Time is a flexible entity. If you’re bored, time drags. If you’re excited, time flies. Sixty seconds can seem like an eternity—for instance, if you inadvertently lock yourself out of your house. Naked. In winter.
There’s never a moment in your life when your moods and your needs and wants stop affecting your sense of time. Time is always, always, always flexible! In other words, you can always stretch time, steal time, and otherwise make and take the time to accomplish anything you really want to accomplish.
I’m saying this as a sort of confession. For the past few weeks I’ve been busy with deadlines, projects, travel plans, paperwork, and every last professional excuse ever invented. I’m in New York as I write, battling a big book deadline on a project I started roughly ten years ago. “I’ve been too busy to blog,” I telepathically told my subscribers. And you know what? I was lying! To myself first and foremost! How many things have I chosen to do recently that were less important and less fun then blogging? Dozens, hundreds, thousands of time-consuming things, many of which I wouldn’t even describe to you for fear of ridicule.
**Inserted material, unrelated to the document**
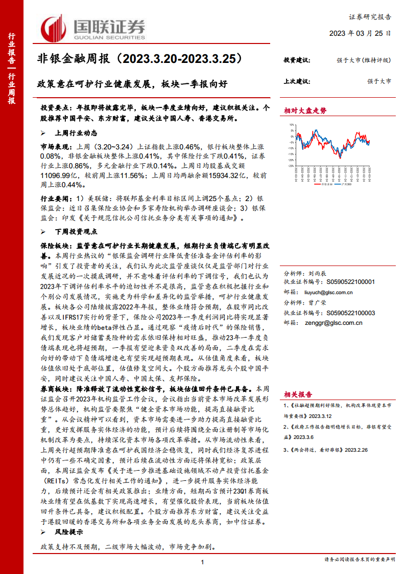 本报告对非银金融行业(保险和券商)进行了专业而深入的分析,指出在2023年3月20日至3月25日期间,该板块在政策支持、流动性改善和业绩向好等多重利好因素驱动下,展现出强劲的投资潜力。保险行业受益于负债端改善和一季度利润的显著增长预期,而券商行业则得益于流动性宽松和资本市场改革的深化。尽管存在政策不及预期、市场波动和竞争加剧等风险,但当前板块估值处于历史低位,具备较大的修复空间。报告建议投资者积极关注中国平安、东方财富等龙头企业,以把握行业发展机遇。

I wouldn’t say that I’m a complete slacker. I’ve done a lot of good things lately. I even found the time to read a couple of books, including a Sherlock Holmes novel I had never read before. It contains a quote attributed to William Gladstone, who was England’s prime minister for many years: “A change of work is the best rest.”
Moral of the story?
Writing this blog post has allowed me to procrastinate facing my big deadline. I feel so rested, I think I’ll pull an all-nighter on that ten-year project.